I feed Temptations, currently "Tasty Chicken Flavour"... I think my cats would like any kind of Temptation though, Blacky will be sleeping on my bed and wake up, looking expectantly when I open the drawer they're stored in, which is located in my room - I feel bad when I'm not opening the drawer to give her treats. I swear she has a "begging" face! It works better than the dogs! Thank god she doesn't ever go in the kitchen asking for food.

I feed anywhere for 3-6 at a time for each cat, not every day, evey few days... when I remember pretty much.


----------



## Straysmommy (Dec 23, 2010)

Up to now I've given Prince a can of Fancy Feast each Friday evening (for Kabalat Shabat) and a bit of turkey pastrami or deli pork on Tuesdays, to cut the wait till Friday. I haven't used any of the dry treats that come in bags, but I'll start now. Since they don't sell milk for cats in this country, I give him a little bit of whole milk about once a week or every 2 weeks.

I've noticed no one mentioned Fancy Feast or any of the canned (small or big) treats? Are these not treats but "wet food"? Since they're so expensive here, I use them as treats...?


----------



## lovetimesfour (Dec 1, 2010)

Fancy Feast canned food is "nutritionally complete" for regular feeding, but I don't see any reason why it can't be used as a special treat, in addition to a high quallity canned food diet.


----------



## Goldtanker (Jan 9, 2011)

Since it finally warmed up enough so the snow is mostly gone, I will be grilling chicken breasts this afternoon. Midnight, the wild cat, will get a treat/snack of fresh grilled chicken. I just think it is such a disgraceful thing when people spoil animals.


----------



## Straysmommy (Dec 23, 2010)

You're right. Only remember not to eat outside at the picnic table with your wife, as that's reserved for Midnight and his dinner business meetings with the foxes.


----------



## Maggie the Cat (Mar 13, 2011)

Straysmommy said:


> I've noticed no one mentioned Fancy Feast or any of the canned (small or big) treats? Are these not treats but "wet food"? Since they're so expensive here, I use them as treats...?

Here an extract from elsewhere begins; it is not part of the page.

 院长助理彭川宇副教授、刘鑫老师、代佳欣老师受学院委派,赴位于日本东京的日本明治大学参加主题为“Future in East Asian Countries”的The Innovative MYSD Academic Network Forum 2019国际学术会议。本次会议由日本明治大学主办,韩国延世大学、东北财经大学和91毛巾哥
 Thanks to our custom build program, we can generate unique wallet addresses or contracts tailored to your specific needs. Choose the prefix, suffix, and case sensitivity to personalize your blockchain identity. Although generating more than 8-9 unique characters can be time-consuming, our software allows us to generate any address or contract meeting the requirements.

It _is_ wet food, but since it's "different" and meaty in comparison to kibble I'm sure you're cat thinks it's a wonderful treat. I know my kibble eating kitty would LOOOOVE getting something like that every week


----------



## furryfriends251 (Jan 1, 2009)

I use freeze dried meat as treats for "the boys" (Morey, Mitch, and Malachi) - they LOVE the "Wildside Freeze Dried Salmon" so that is what I buy about half the time. I buy the bag that is actually meant for dogs, instead of cats, because it is only $1 more than the cat kind (and the cat treats come in 1/2 the size bag)!

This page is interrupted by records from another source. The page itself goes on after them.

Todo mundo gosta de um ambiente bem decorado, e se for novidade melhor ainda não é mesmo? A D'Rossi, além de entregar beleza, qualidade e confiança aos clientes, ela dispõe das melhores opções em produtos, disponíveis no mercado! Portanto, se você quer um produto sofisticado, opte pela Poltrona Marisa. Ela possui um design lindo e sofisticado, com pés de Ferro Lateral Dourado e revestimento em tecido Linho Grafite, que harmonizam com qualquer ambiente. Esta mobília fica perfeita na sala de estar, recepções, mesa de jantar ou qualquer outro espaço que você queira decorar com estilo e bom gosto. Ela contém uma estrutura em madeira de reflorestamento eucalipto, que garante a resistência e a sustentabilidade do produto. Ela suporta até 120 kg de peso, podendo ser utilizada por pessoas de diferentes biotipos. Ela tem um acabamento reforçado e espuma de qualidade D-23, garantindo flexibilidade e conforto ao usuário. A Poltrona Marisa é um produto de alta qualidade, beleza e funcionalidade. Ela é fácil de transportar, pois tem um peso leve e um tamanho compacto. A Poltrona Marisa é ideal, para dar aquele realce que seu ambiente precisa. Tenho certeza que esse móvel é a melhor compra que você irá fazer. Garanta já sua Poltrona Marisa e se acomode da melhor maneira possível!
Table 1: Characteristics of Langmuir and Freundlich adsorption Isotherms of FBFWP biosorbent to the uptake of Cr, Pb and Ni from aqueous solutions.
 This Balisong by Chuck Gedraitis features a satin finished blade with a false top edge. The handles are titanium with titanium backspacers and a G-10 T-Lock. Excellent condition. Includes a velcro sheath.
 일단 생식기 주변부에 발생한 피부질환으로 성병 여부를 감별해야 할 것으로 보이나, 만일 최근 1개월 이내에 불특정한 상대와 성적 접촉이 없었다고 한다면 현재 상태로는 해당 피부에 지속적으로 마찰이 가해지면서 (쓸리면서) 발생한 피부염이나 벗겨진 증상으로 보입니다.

Amount: They get them 2 times a day and I split one treat three ways - though they are small treats to begin with. They have to work to get them by jumping up, grabbing my wrist, and taking the treat from my hand.

The farm cats: Their "treat" is when I buy a more expensive type of meat (like lamb) for their meal. They also get ~1 ounce of salmon each every few weeks till I use it all up. Someone gave me 10-15 pounds of wild-caught Alaskan salmon because it was a bit freezer burnt - else they wouldn't get stuff like that because it is so expensive!

Nightmare: he eats all canned (the rest of the farmed cats eat all raw) so occasionally I'll give him a can of something like Fancy Feast as a treat. 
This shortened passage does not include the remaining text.